Business Analysts increase profitability and efficiency from data insights. They supplement their deep knowledge of the business domain with data analysis and visualization skills and report on insights to data consumers.
Key Skills: Data Manipulation, Data Visualization, Reporting, Basic Statistics Tools: Spreadsheets (Excel, Google Sheets), Business Intelligence tools (Tableau, PowerBI), SQL
Data Analysts play a similar role to business analysts in analyzing and drawing insights from data to drive business outcomes. Therefore, their skills also overlap; however, data analysts answer less defined problems that require a higher understanding of the data analysis workflow, and leverage a combination of coding and non-coding tools
Key Skills: Data Manipulation, Data Visualization, Reporting, Importing and Cleaning Data, Probability, and Statistics
Tools: R or Python, Spreadsheets (Excel, Google Sheets), Business Intelligence tools (Tableau, PowerBI), SQL
Data Scientists play a significantly more technical role in organizations, working mostly with coding tools to investigate, extract, and produce insights and value with data. Data scientists require a strong understanding of data analysis and machine learning workflows and the ability to work with non-standard data types and big data tools.

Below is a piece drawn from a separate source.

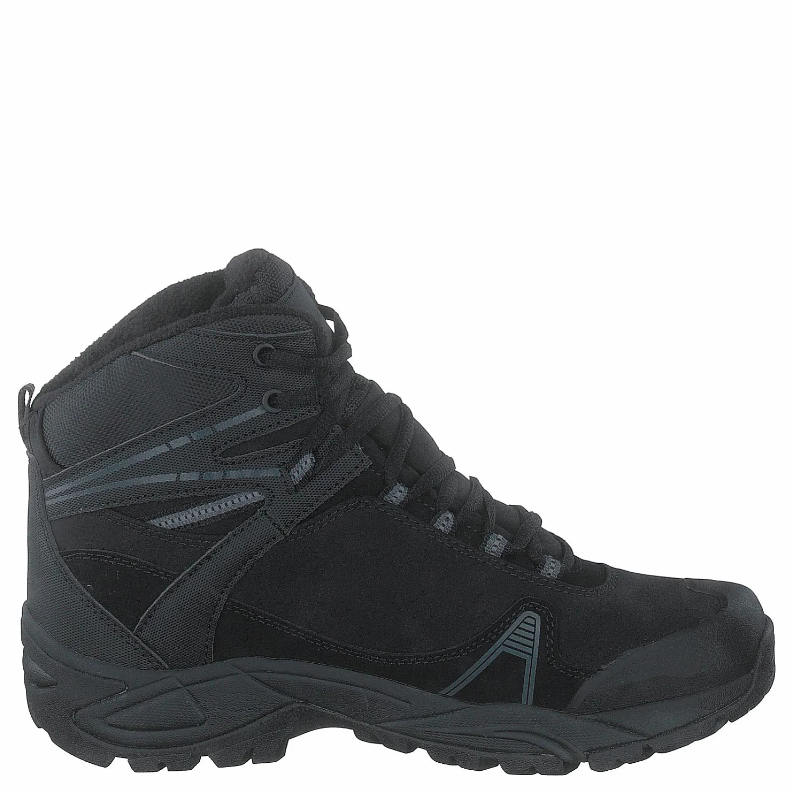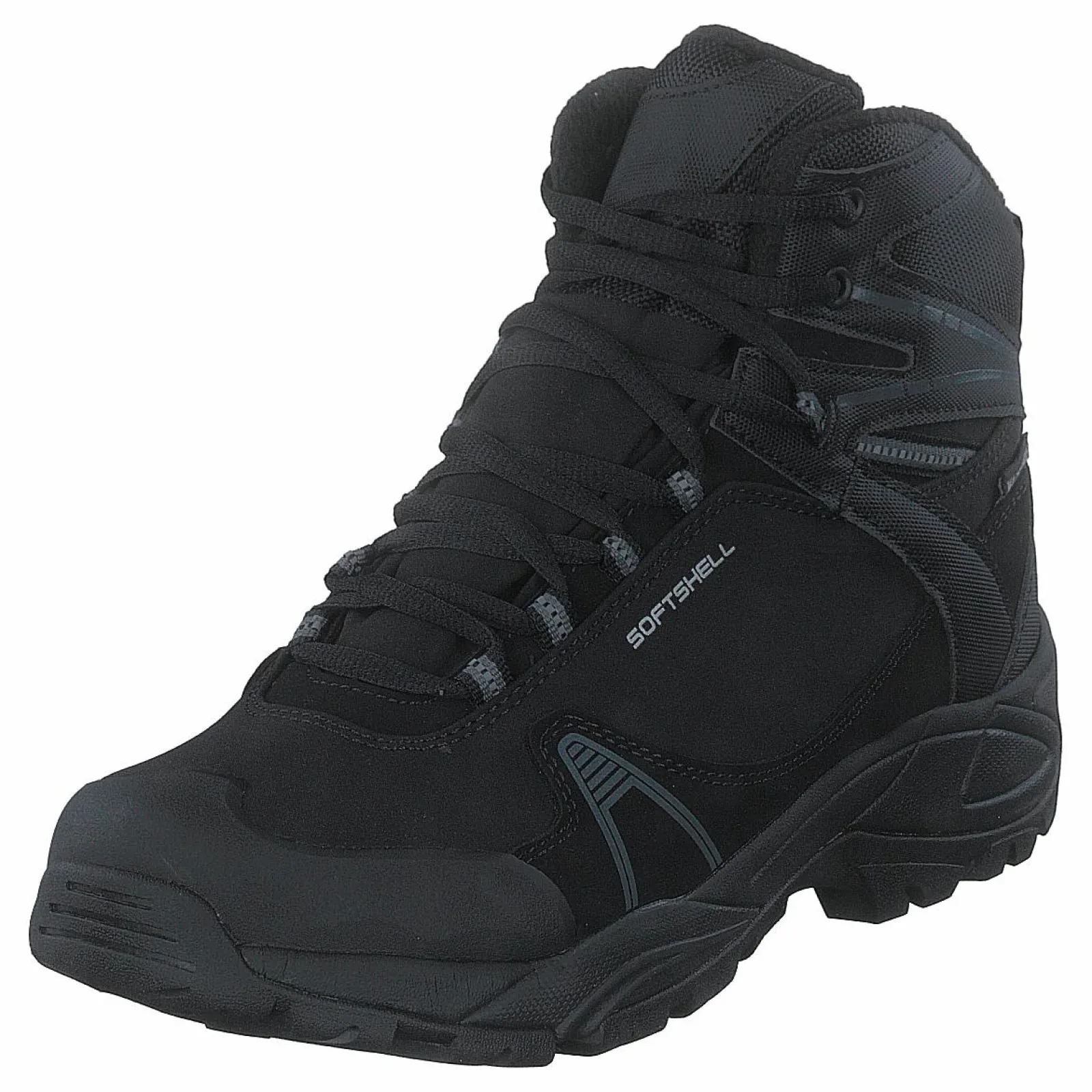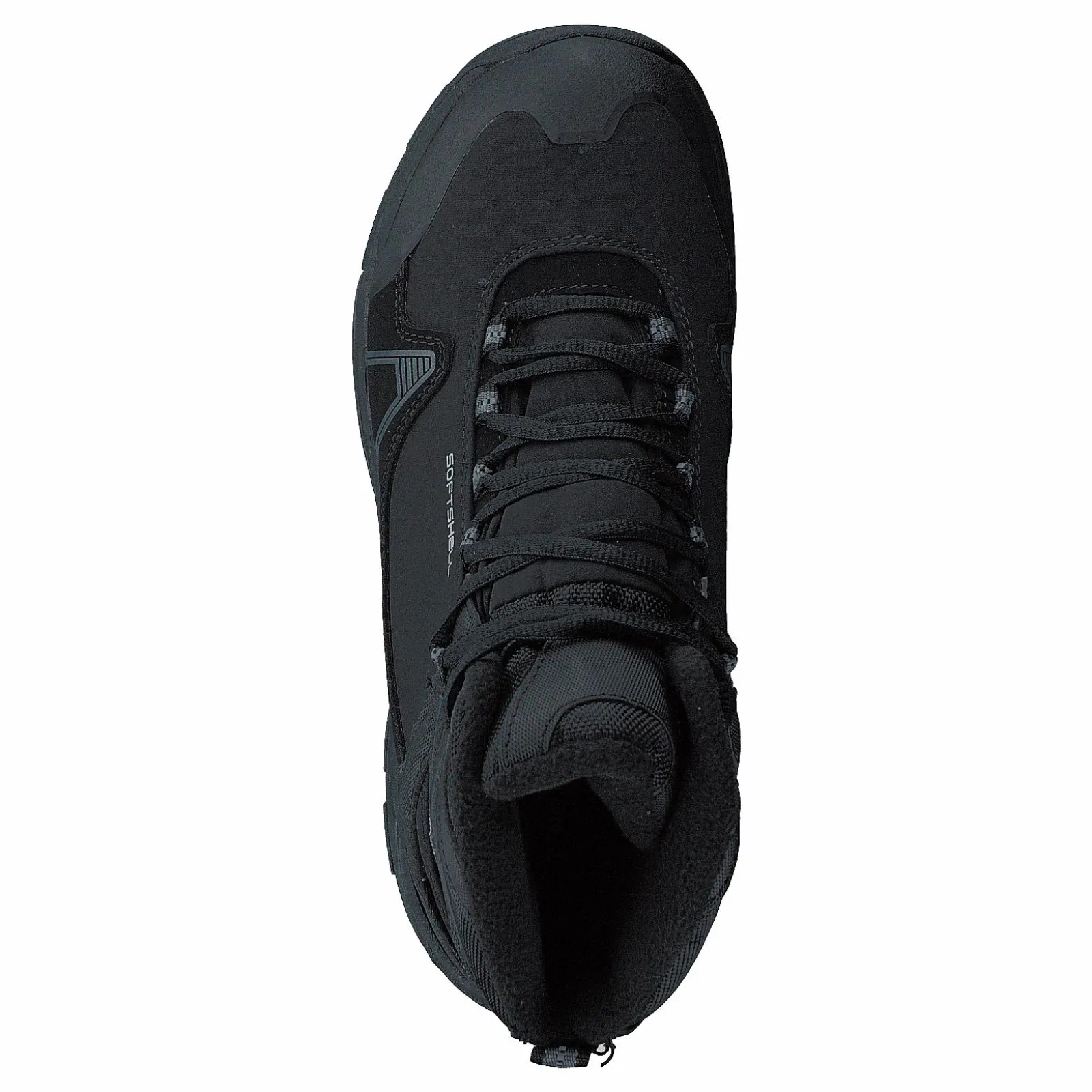 Varmfodrade vandringskängor med vattentätt membran, med delar i softshell. Mjukt och varmt fleecefoder och grovmönstrad yttersula.

Key Skills: Data Manipulation, Data Visualization, Reporting, Importing and Cleaning Data, Probability and Statistics, Machine Learning,
Tools: R, Python, Scala, Big data tools (Airflow, Spark), SQL, Command-line tools (Git, Shell)
Machine Learning Scientist
Machine Learning Scientists are responsible for developing machine learning systems at scale. They derive predictions from data using machine learning models of all types to solve problems like predicting churn and customer lifetime value, and are responsible for deploying these models for the organization to use.
Key Skills: Data Manipulation, Data Visualization, Importing and Cleaning Data, Probability and Statistics, Machine Learning, Data Engineering Tools: R, Python, Scala, Big data tools (Airflow, Spark), SQL, Command-line tools (Git, Shell) Course Recommendations: Machine Learning Scientists Career Track (R - 14 courses/Python - 23 courses), Image Processing in Python, Machine Learning with PySpark
Data engineers are responsible for creating data pipelines that help organizations get the correct data to the right people. They combine large amounts of data from different sources into one centralized location, enabling the various data roles to work with clean, relevant, compliant, and actionable data.
Key Skills: Data Manipulation, Importing and Cleaning Data, Data Engineering, Advanced Programming Tools: Python, Scala, Big data tools (Airflow, Spark), SQL, Command-line tools (Git, Shell), Cloud Platforms (e.g., AWS) Course Recommendations: Data Engineer with Python Career Track (25 courses), Introduction to Airflow in Python, Streaming Data with AWS Kinesis and Lambda
How to Create a Winning Data Team
With a high-level understanding of the responsibilities of each role, let’s now examine how each of these roles may interact in a business setting to drive value by using a real-world example, where a data team extracts value from a customer churn model.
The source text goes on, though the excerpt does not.